Безымень исчез также быстро как появился. И всё вернулось: солнце, воздух, ветер… одно не вернулось: уверенность в сердце Бланки.
– Отдрожала? – рассмеялась Вадома, – ну всё, пошли отсюда. В следующий раз сама попробуешь. Только голос потренируй, а то он не услышит, а только разозлится, ещё тобою станет!
Вадома возвращалась в хорошем настроении: дело будет скоро сделано, ей доплатят вторую половину золотом, а Бланка показала себя как слабая, теперь будет знать своё место ещё долго, не полезет со своей силой и быстрой учёбой!
Бланка же только плелась следом. Что-то в ней изменилось, ожесточилось и смутно искало побега.
В следующие дни Бланка была погружена в свои тяжёлые думы. Родика и Млада, знавшие, что Вадома брала её к лесу, чтоб вызвать самого могучего духа, окружили её вопросами и требовали подробностей. Бланка не отвечала. Она не могла передать всего, что испытала, всё то отвращение к своей жизни, к роду занятий, потому что понимала – не поймут.
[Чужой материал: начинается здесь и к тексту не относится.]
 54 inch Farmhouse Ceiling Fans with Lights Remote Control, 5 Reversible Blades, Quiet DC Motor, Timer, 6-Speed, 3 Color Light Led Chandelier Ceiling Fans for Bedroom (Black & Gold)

Млада была сиротой – Вадома подобрала её, спасла от верной гибели и стала обучать. Родика и Бланка были из разных земельных уделов, но беда была у них одна – голод. Их матери, не желая видеть гибель дочерей, отдали Вадоме, чтобы та хоть прокормила их, и дала жизнь – пусть обособленную, пусть презираемо-любопытствующую, но всё же жизнь.
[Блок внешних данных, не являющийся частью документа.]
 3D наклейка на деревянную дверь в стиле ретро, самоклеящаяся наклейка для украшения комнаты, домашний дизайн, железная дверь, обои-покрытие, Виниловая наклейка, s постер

Возвращения к родным можно было и не ждать. Родика не помнила названия своей деревни, а у Бланки уже никого не осталось из первой линии крови. Во второй были родичи, но она понимала, что ведьме в семье они не обрадуются.
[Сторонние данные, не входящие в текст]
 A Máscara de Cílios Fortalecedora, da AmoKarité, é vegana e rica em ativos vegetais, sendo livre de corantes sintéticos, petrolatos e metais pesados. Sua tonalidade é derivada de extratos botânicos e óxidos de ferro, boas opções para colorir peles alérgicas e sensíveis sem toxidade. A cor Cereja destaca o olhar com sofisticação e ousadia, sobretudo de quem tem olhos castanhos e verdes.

У Вадомы же было сытно и хорошо, дом звенел чистотой и постоянством, а золотые монеты, которые она получала за свои умения, позволяли есть, не считаясь с ценой. И всё это прежде казалось Бланке привычным, желанным, единственно верным. Она помогала Вадоме, вроде бы понимая умом, что делает, но стоило ей увидеть настоящую тьму, воплощённую в Безымени, как всякая уверенность ушла, уступив место какому-то сердечному тяжёлому метанию.
Вадома, впрочем, была довольна молчанием Бланки и видела в этом знак смирения удачливой ученицы, которая уже в скором времени могла сменить её саму, и стать сильнее. Вадома слабела, а Бланка пока нет. но Вадома слабеть не хотела… знала, что должна, но, видя рядом молодую силу, была зла на эту силу. Смутно вспоминались и самой Вадоме те, кто учил её, и она гадала: а мучились ли они, видя, что она растёт и поглощает силу, когда они слабеют?
Но ответа не было. Зато было смирение Бланки и молчаливость, которая не оттаяла даже к тому дню, когда им передали кошель с монетами за княжескую дочку. Бланка всё думала, какой та была и в чём провинилась, раз её так смели?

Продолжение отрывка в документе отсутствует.